The hair tie. A marvelous invention. In 1958 the modern hair tie was born when the Hook Brown Company attached blended fabric to the ring and patented the “elastic loop fastener,” a necessary upgrade from the classic elastic band. This convenient invention has many functional uses, including but not limited to: keeping your hair out of your face when you’re doing a cartwheel, running a marathon, or taking a math test.
A hair tie is especially useful when you are the protagonist in an action movie where you are simultaneously saving the world from the antagonist with a tragic “went mad with power” backstory and rescuing your family, the love of your life, or dog from certain doom. You’ve probably just jumped from someplace very high off the ground, hurt your ankles and given yourself permanent knee pain because you’re most definitely wearing sandals or some sort of shoe with a heel (or both) while single-handedly fighting your way through a group of highly trained assassins or persistent underpaid henchmen with your only weapon being an ancestral sword or a gun that somehow never runs out of bullets and you could be doing great if only your hair wasn’t in your goddamn face.
Not every action movie character with long hair falls victim to this plight; the problem only arises when the character is put in a situation where their long hair puts them at a disadvantage. Now, they may not have a hair tie for a conceivable plot related reason. For example, they have a time crunch and can’t reach for one, they don’t have access to one at that moment, or hair ties don’t exist in their universe. However, a lot of the time it feels like an oversight on the part of the director or filmmaker and either overlooked as an unimportant detail, or as a deliberate choice that was made as part of an effort to sexualize a female character and appeal to a straight male audience. Although not all characters with long hair are women, but a lot of them are, especially if they’re being sexualized. Adam Souza, the video production teacher and yearbook adviser at Franklin High School, points out an example often used in film: “There is always that stereotypical slow motion hair flip you see being parodied over and over.”

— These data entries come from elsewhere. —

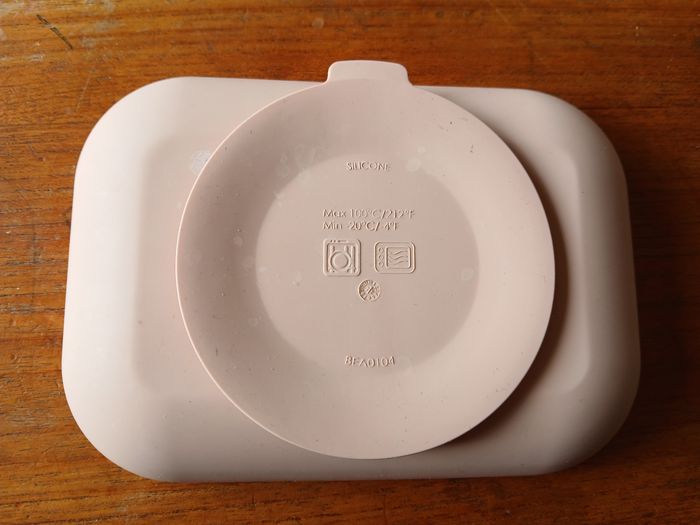 Assiette pour bébé en silicone rose pale. 3 compartiments. Ventouse pour la fixer a la table. Neuve, jamais servi
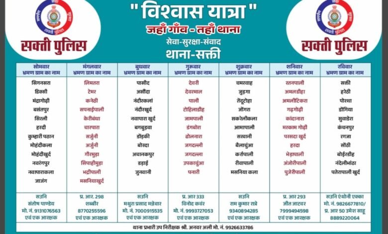 “विश्वास यात्रा – जहाँ गाँव, तहाँ थाना” नामक विशेष जनसंपर्क अभियान के रूप में सक्ती पुलिस ने एक ऐतिहासिक पहल की शुरुआत की है, जो न सिर्फ़ प्रशासनिक दृष्टि से सराहनीय है, बल्कि ग्रामीण जनजीवन में पुलिस की सकारात्मक उपस्थिति को भी गहराई से स्थापित करने की दिशा में एक बड़ा कदम है।
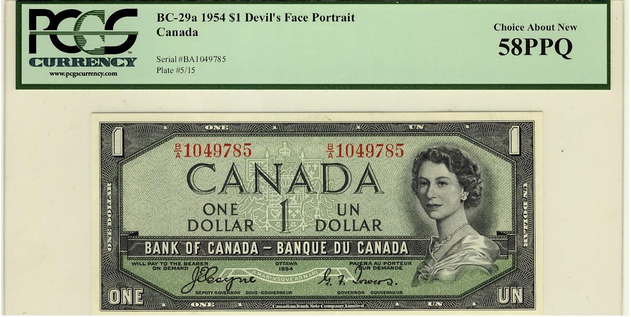 1954 $1 devil's face BC-29a B/A 1049785 PCGS 58 PPQ
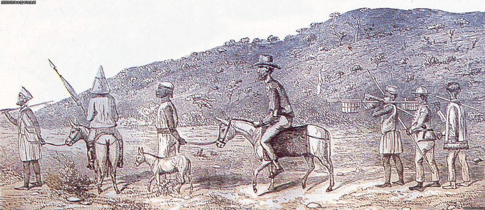 19世纪,骑驴的非洲探险者,1860年伯顿《中非大湖区》。理查德?伯顿(Richard Burton,1821~1890),英国军官、探险家,与约翰?汉宁?斯皮克(John Hanning Speke,1827~1864)成为最早到达非洲坦噶尼喀湖的欧洲人。
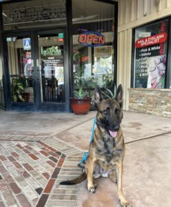 Poco did a great job as we were practicing our commands in front of the grooming salon. She is getting great at staying focused while near distractions and holding extended commands.
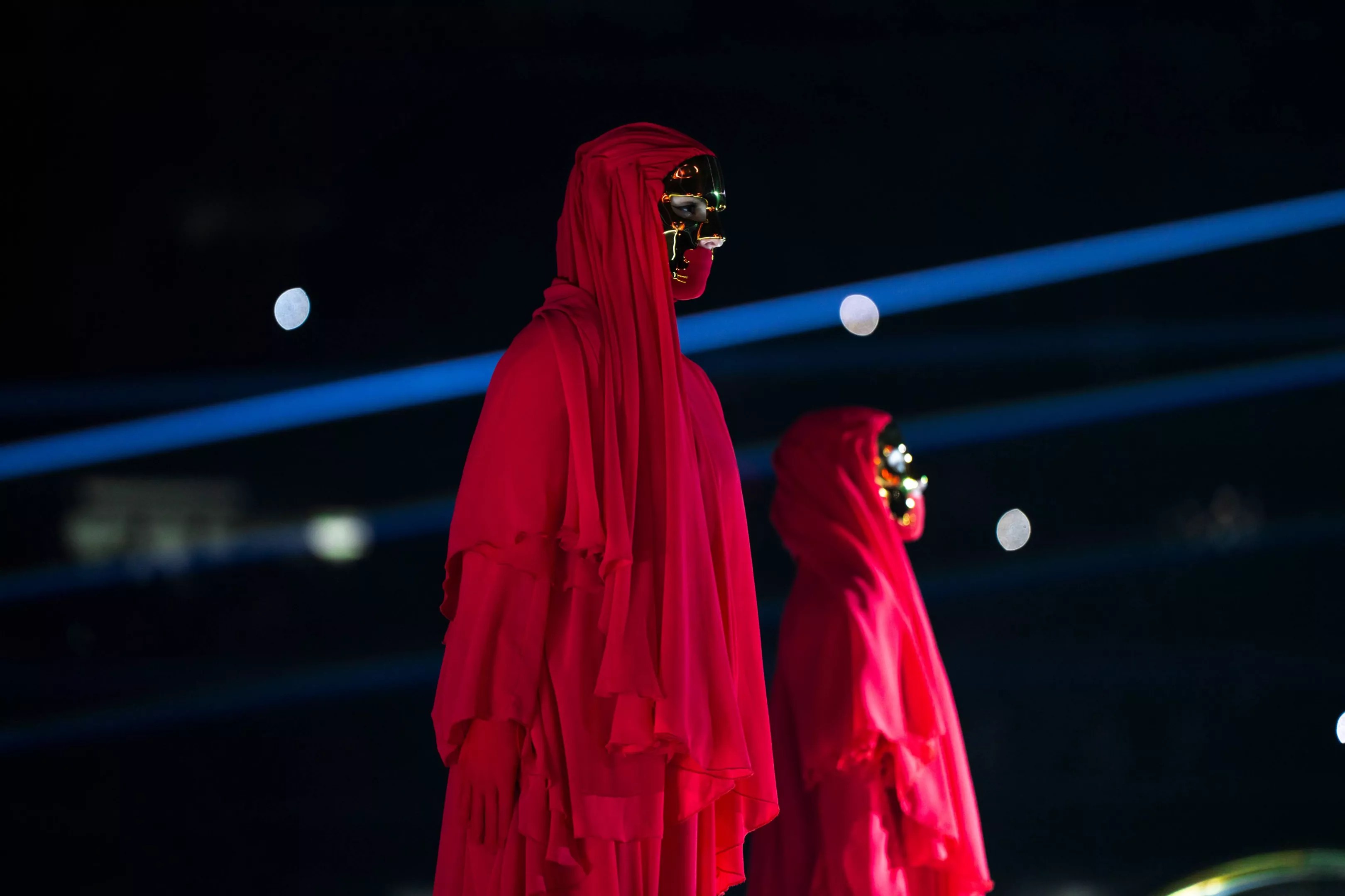 The Weeknd’s dancers dressed in red robes.
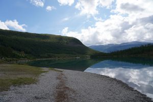 Wir sahen Bergseen, mit türkisfarbenem Wasser, Wasserfälle und den daraus entsprungenen Flüssen. Sogar einen Elch sahen wir, als dieser gerade durch einen Fluss lief.
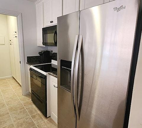 The kitchen features granite counters and custom white cabinetry. It is fully equipped with refrigerator, electric range, microwave with range vent, and dishwasher. Adjacent to the kitchen is a laundry room with additional custom pantry space. The main living area is cozy and welcoming, finished with beautiful wood floors. The L-shape provides an open living area for easy entertaining. Off the hallway is the updated bathroom featuring a full tub/shower and a modern vanity. Through the hallway, the bright bedroom boasts a spacious walk-in closet and a continuation of the wood floors of the main living space.
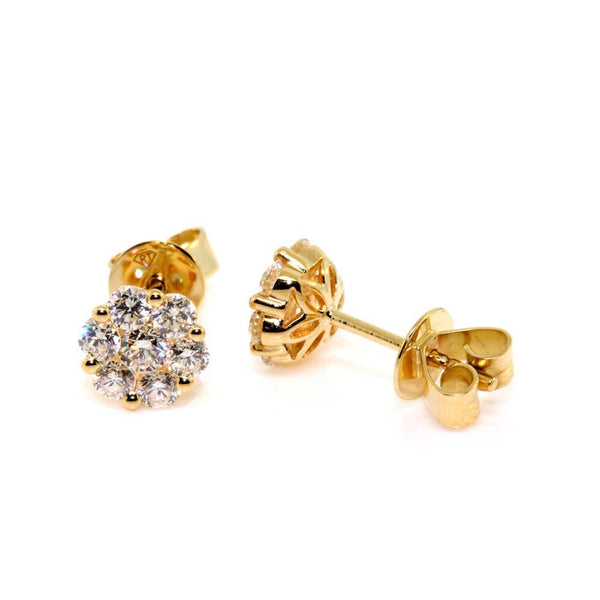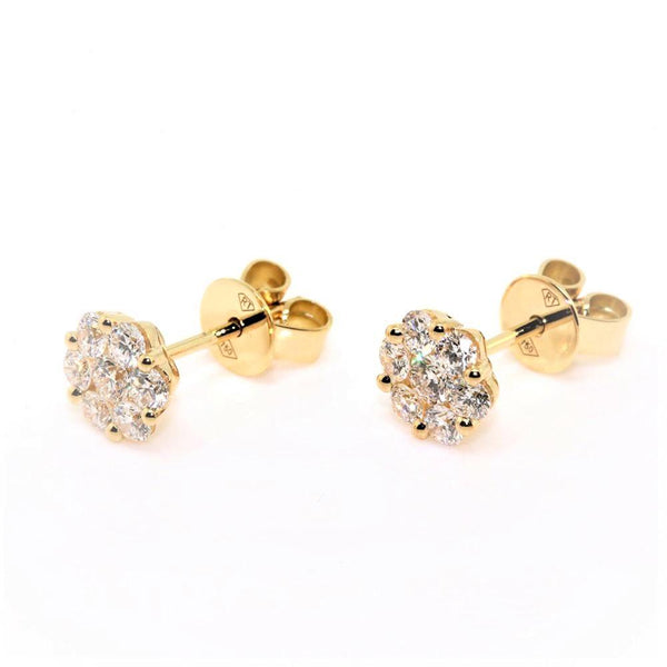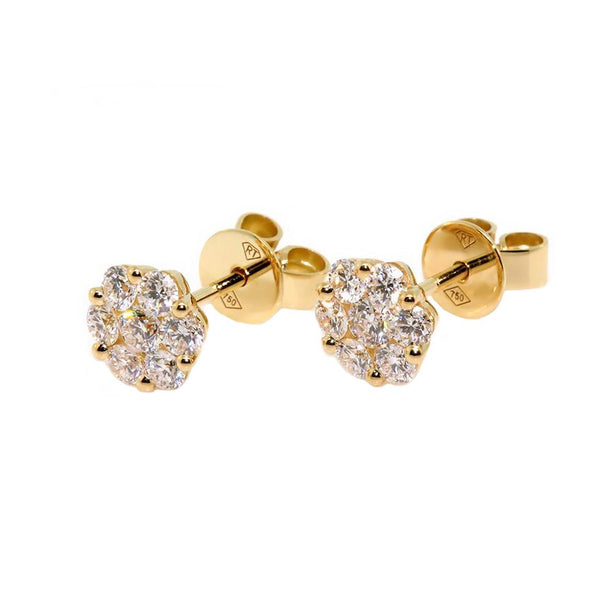 18k yellow gold diamond set cluster earrings. The earrings are set with 0.84cts of round brilliant cut diamonds, quality GH / SI1-2. The earrings have post and butterfly stud fittings.
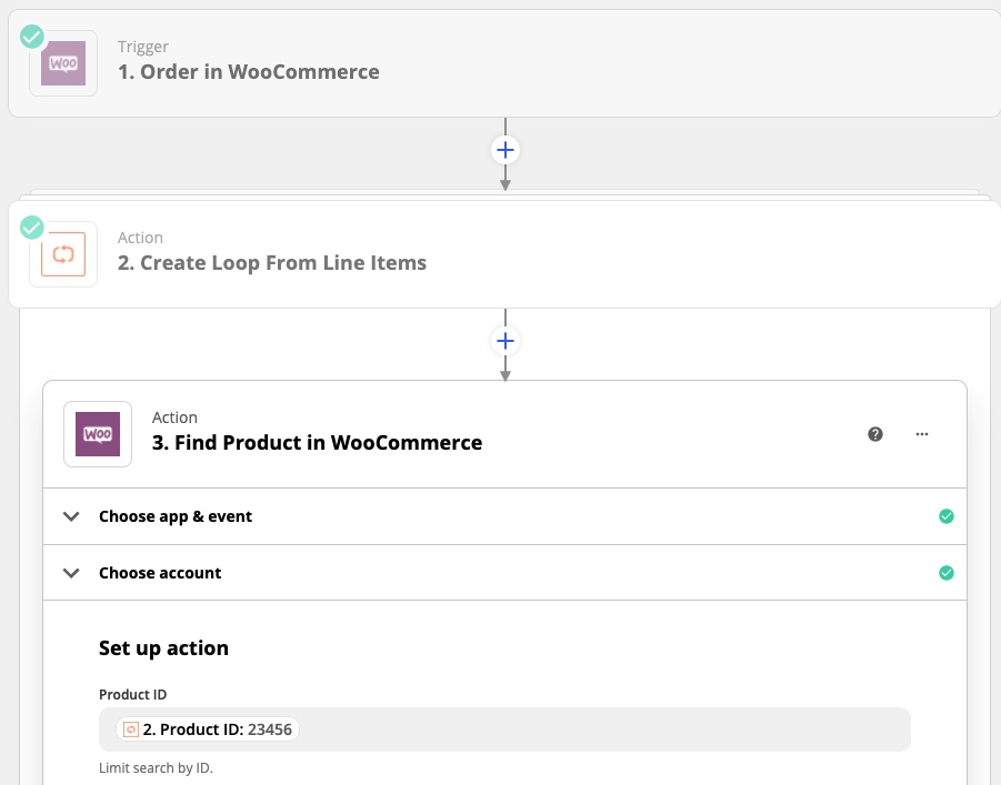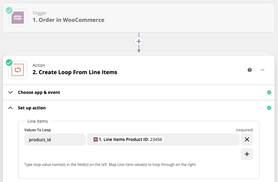 Adding a Looping by Zapier action to your Zap lets you perform your desired action more than once per Zap. This is particularly useful with WooCommerce Order triggers, which have multiple line items.
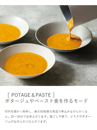 - 材料を入れてお任せするだけで、美味しいポタージュが仕上がる
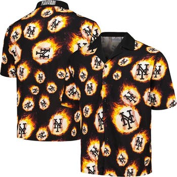 The Men's PLEASURES Black New York Mets Flame Fireball Button-Up Shirt is a must-have for any true New York Mets fan. With its sublimated graphics, this shirt is sure to turn heads and show your support for the team. Made from soft rayon, this shirt is comfortable to wear all day long, whether you're at the game or just cheering from home.
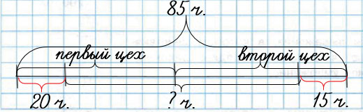 24. В двух цехах агрокомбината работали 85 человек. После подключения к работе двух роботов-манипуляторов число сотрудников одного цеха уменьшилось на 20 человек, а второго - на 15 человек. Сколько человек работает в этих цехах теперь?
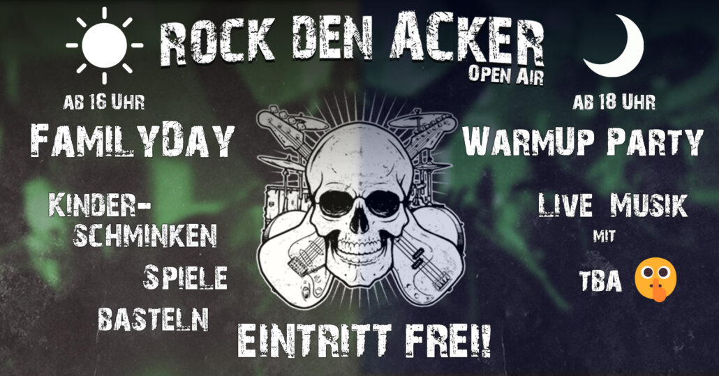 Am 14.05.2025 laden wir Euch erneut zum „Acker WarmUp“ ein, und zwar mit einem FamilyDay ab 16:00 Uhr mit reichlich Spaß für Groß und Klein und anschließender WarmUp Party!
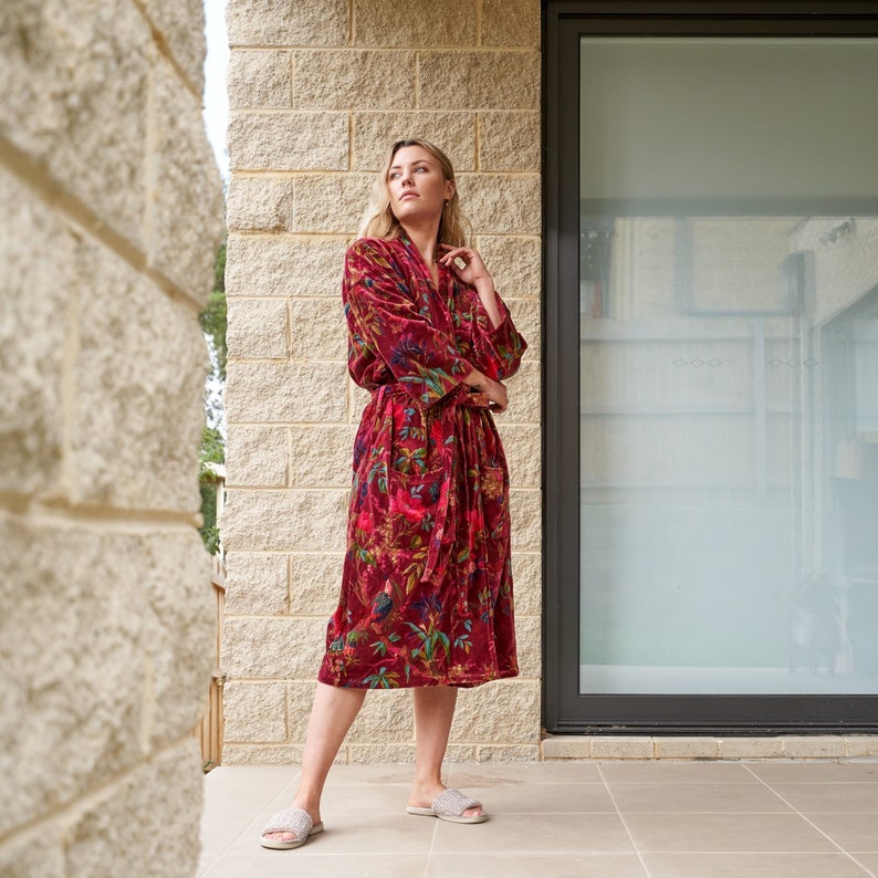 A beautiful Frida Kahlo inspired kimono robe for a super price. Perfect as a kimono, robe or a kaftan. Made from super comfy cotton velvet so treat yourself to ultimate comfort whether you are simply winding up at night, getting ready for the morning or just cozying up in your lounge to binge watch a move on Netflix.
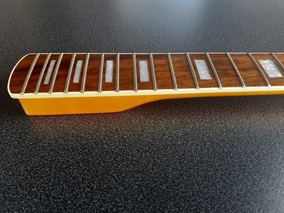 NOVO. KVALITETAN I IZABRANI KOMAD DRVET. MAPLE NECK I ROSEWOOD FINGERBOARD. BIG HEAD, 22 PRAGA, SKALA 25.5 INCH., NUT 42mm, HEEL 57mm, TUNER HOLE 10mm, C OBLIK VRATA, KRASAN YELLO GLOOS FINISH. DAVNO BILE STAVLJENE MASINICE PA SKINUTE. DOSTAVA U CIJENI.

Popular action movies, especially superhero movies, put their long haired protagonists in situations like this all the time; take “Avengers: Endgame” for example. Apart from a couple of exceptions, female heroes in the film either were bald (which is also a very practical hairstyle for an action movie character) or they wore their hair down. In “Wonder Woman,” Diana Prince (Gal Gadot) runs through an active war zone only half covered in armor, which is a whole other problem in itself, with only a shield to protect her, and her hair loose around her face. You would think these characters could benefit from their hair out of their eyes while fighting for their lives, but that could just be me.
Although an onslaught of film does fuel the examples of a lack of hair ties, more recent media have started to change the narrative. In fact, one movie in particular inspired the topic of this article: “Birds of Prey: And the Fantabulous Emancipation of One Harley Quinn.” The movie was great for a number of reasons but caught my attention for one in particular. During the climax of the movie, Black Canary (Jurnee Smollett-Bell) is struggling to fight with her hair in her face and Harley Quinn (Margot Robbie) offers her a hair tie. This scene was short but it effectively brought notice to a problem and solved it all in one swoop. It was practical, realistic (as much as a superhero movie can be), and portrayed women as human people with human problems.
“Birds of Prey” should be the norm, not the exception.“We need to examine the stories we tell,” says Souza. “We need to humanize our female characters and stop exploiting them to sell a sexualized version of them. We need a new generation of filmmakers who want to tackle life’s stories and tell the reality of humanity. Especially if films are being marketed to children.” It’s not enough just to have women represented in film, you have to portray them as people too, and it may seem trivial, but that means giving them hair ties.